I've forgotten how much I enjoy the early morning
I'm off to Chicago, have a great weekend!

Thursday, June 02, 2005

BECAUSE TWO HEADS ARE BETTER THAN ONE . . .

And if my logs are telling me the truth, I have about 12 heads reading this (unless some of you have two heads - which is possible because there are a few of you that are complete and total strangers --- like the person from 3M that drops by every once in a while -- now I doubt that the mysterious 3M person has two heads, but it IS possible!)

Because all your heads are valuable - I'm going to talk outloud a bit about this job search thing - please don't feel obligated to read - but if you do, maybe you'll have clarifying questions, ideas, comments, or leads to help me out. Feel free to jump in with any thoughts (comment anonymously if you like!)


Because this post was so long and rambling - and probably not of interest to you, I've moved the rest of it here.


STUFF AND SUCH
1. Today is the day that the U.S. Dept. of Education is supposed to inform us all if I get to be a grant reviewer this summer. I'm thinking it isn't going to happen - but fingers are still crossed. We do not know if they inform by phone or email (so I'm glued to my desk and checking my email every two minutes in anxious anticipation!)

2. I'm seriously concerned about job things.

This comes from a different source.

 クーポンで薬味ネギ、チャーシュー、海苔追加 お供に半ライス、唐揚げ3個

Last month I passed up some full time gigs because they weren't the direction I wanted to go -- but maybe this isn't the right economy to be picky about direction. With that in mind, I've decided to apply for a (gasp) teaching position in Wisconsin.

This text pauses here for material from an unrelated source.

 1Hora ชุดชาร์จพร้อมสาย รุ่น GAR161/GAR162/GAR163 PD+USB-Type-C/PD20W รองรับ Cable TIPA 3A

The nice thing about it, (besides a full time paycheck!) is that it's a start up program. AND Wisconsin would honor my Iowa teaching license. It's also close enough to the cities that I could regularily attend events and things
The not nice thing about it is --- everything else.
I'd be too far away to keep being a leader for my G.S. Troop (and, after teaching kids all day long, I don't think I'd want to do G.S. too). I'd have to quit the Symphony (again) and probably search for a new place to play. I'd have to drop my two private students . . . AND I'd be contacted to this job for a year (so if the perfect opportunity came along in November, I'd be stuck in a teaching through June).
[sigh]
BUT I'm going to apply anyway - there's no guarentee that I'll even get the job - and it's not like I have to accecpt if they offered it to me.

3. Sunday is the big day - the day I go from being a mere mortal, to being knighted as a MASTER mere mortal (Yep - Graduation!)

Tomorrow I'm driving to Chicago,(and maybe stoping by Mr. Mark's shop for a pair of really good running shoes!)
Saturday I'm driving back to Minnesota with my Grandmother (Yes kids, that's 7 hours of lovely grandma time all to myself!)
Sunday Morning I open the magical suprise of wonder, iron the polyester cap and gown, smile, pose for pictures, get my hood!, smile, more pictures, reception, smile, congradulations, etc.
(And my grandmother is going to hang out around here for a week or two aftewards!)

4. Just in case you're curious - Mamma Bird was out of the nest this morning - so I peaked, and there are FOUR eggs!

Wednesday, June 01, 2005

IT IS ALL ABOUT THE VIBRATO BABY!
I'm not linking to Steph's Top Ten Orchestra Innudendos because I still pretend to be a responsible grown-up around my former students. Responsible grown-ups do not condone cello sex puns. Responsible grown ups look sternly at the young hoodlums, hold back the laughter, and try to remember the one about "shifting to higher positions."

One does not need to be very clever, however, to find a link to Steph's site somewhere around here - so if one were really inclinded to go searching for such things, one could find it. (And it might be worth the search - some of Steph's list is mighty funny!)